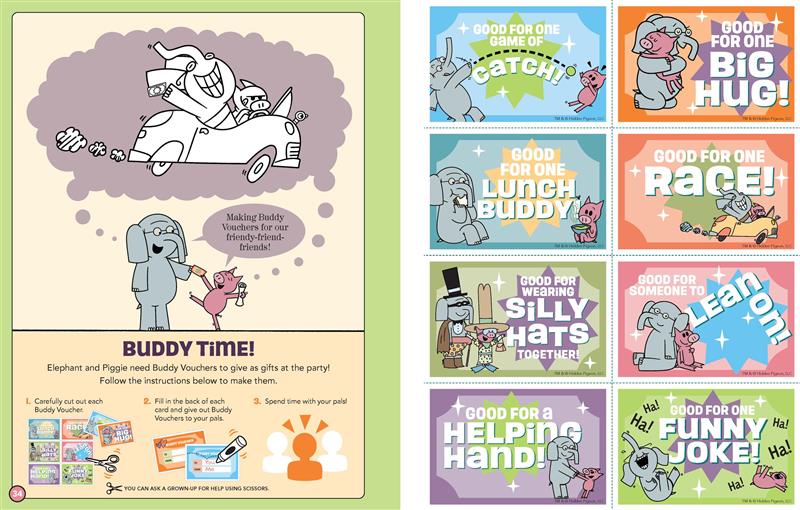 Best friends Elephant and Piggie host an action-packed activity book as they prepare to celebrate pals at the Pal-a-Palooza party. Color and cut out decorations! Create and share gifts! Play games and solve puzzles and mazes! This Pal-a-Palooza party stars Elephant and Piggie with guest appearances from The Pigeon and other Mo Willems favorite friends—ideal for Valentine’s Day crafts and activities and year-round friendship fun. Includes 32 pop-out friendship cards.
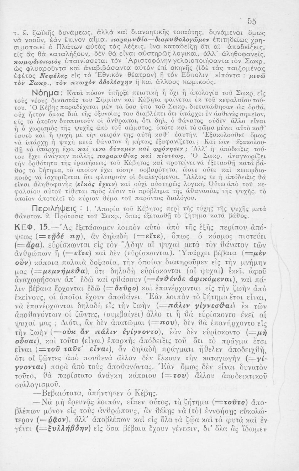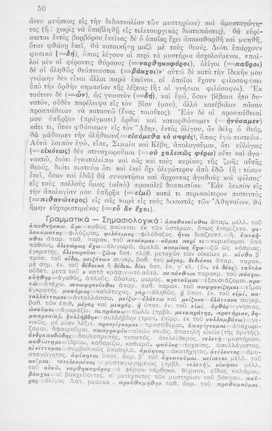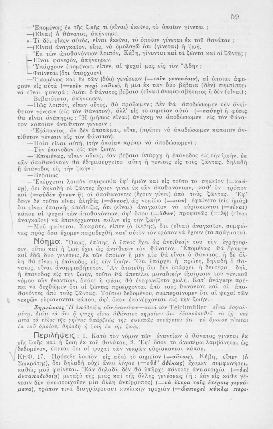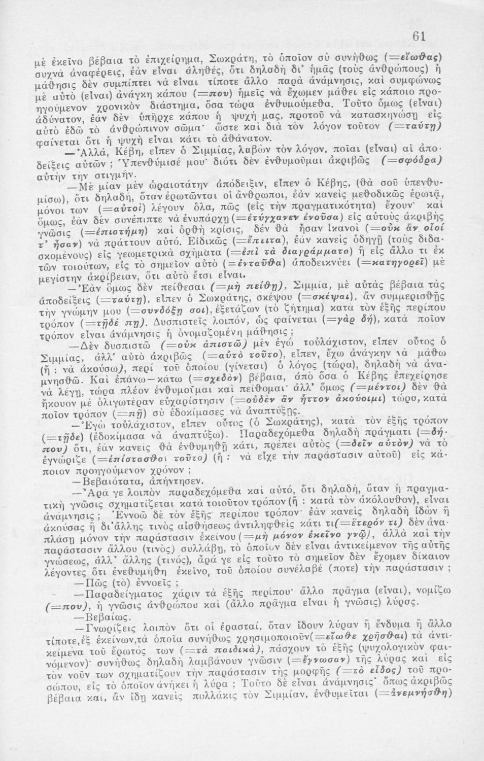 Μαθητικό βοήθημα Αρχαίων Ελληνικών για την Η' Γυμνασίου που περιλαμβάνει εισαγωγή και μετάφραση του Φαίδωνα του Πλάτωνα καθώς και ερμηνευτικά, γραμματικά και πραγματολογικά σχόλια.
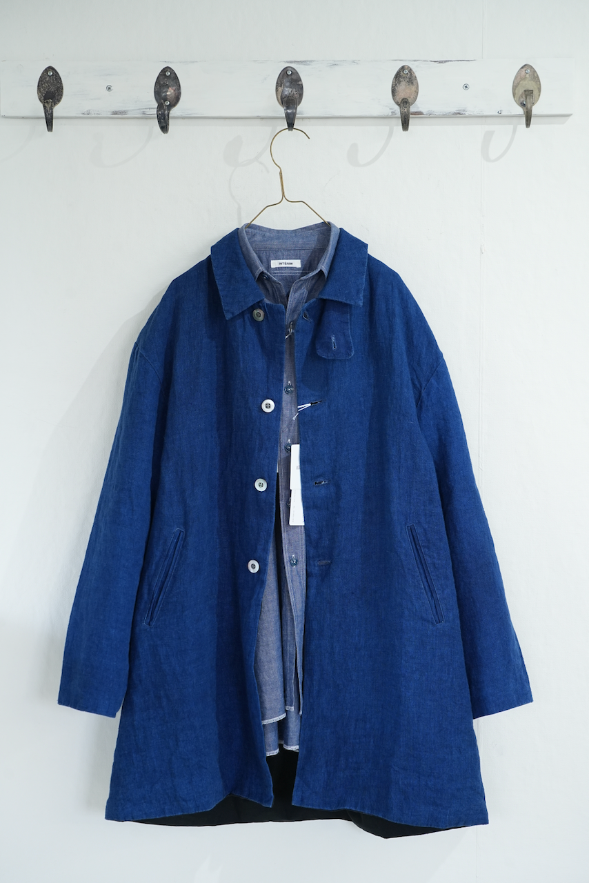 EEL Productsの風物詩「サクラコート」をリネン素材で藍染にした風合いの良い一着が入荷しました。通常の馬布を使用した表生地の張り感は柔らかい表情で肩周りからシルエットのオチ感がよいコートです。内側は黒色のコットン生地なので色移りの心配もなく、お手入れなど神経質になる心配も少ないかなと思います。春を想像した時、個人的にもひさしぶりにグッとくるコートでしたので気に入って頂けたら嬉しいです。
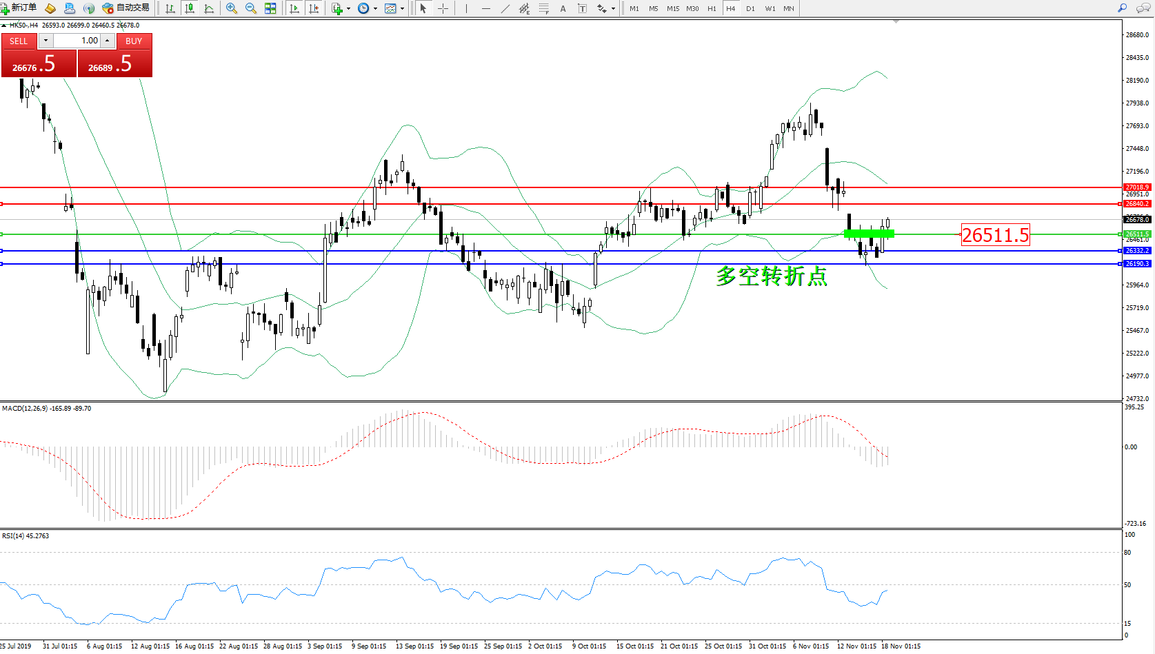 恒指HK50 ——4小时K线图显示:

# Work to complete
Going from the line with "Μαθητικό βοήθημα Αρχαίων" to the last line of the listing, write out each line exactly and nothing else. Leave out all pictures.

# Final answer
 Μαθητικό βοήθημα Αρχαίων Ελληνικών για την Η' Γυμνασίου που περιλαμβάνει εισαγωγή και μετάφραση του Φαίδωνα του Πλάτωνα καθώς και ερμηνευτικά, γραμματικά και πραγματολογικά σχόλια.
 EEL Productsの風物詩「サクラコート」をリネン素材で藍染にした風合いの良い一着が入荷しました。通常の馬布を使用した表生地の張り感は柔らかい表情で肩周りからシルエットのオチ感がよいコートです。内側は黒色のコットン生地なので色移りの心配もなく、お手入れなど神経質になる心配も少ないかなと思います。春を想像した時、個人的にもひさしぶりにグッとくるコートでしたので気に入って頂けたら嬉しいです。
 恒指HK50 ——4小时K线图显示:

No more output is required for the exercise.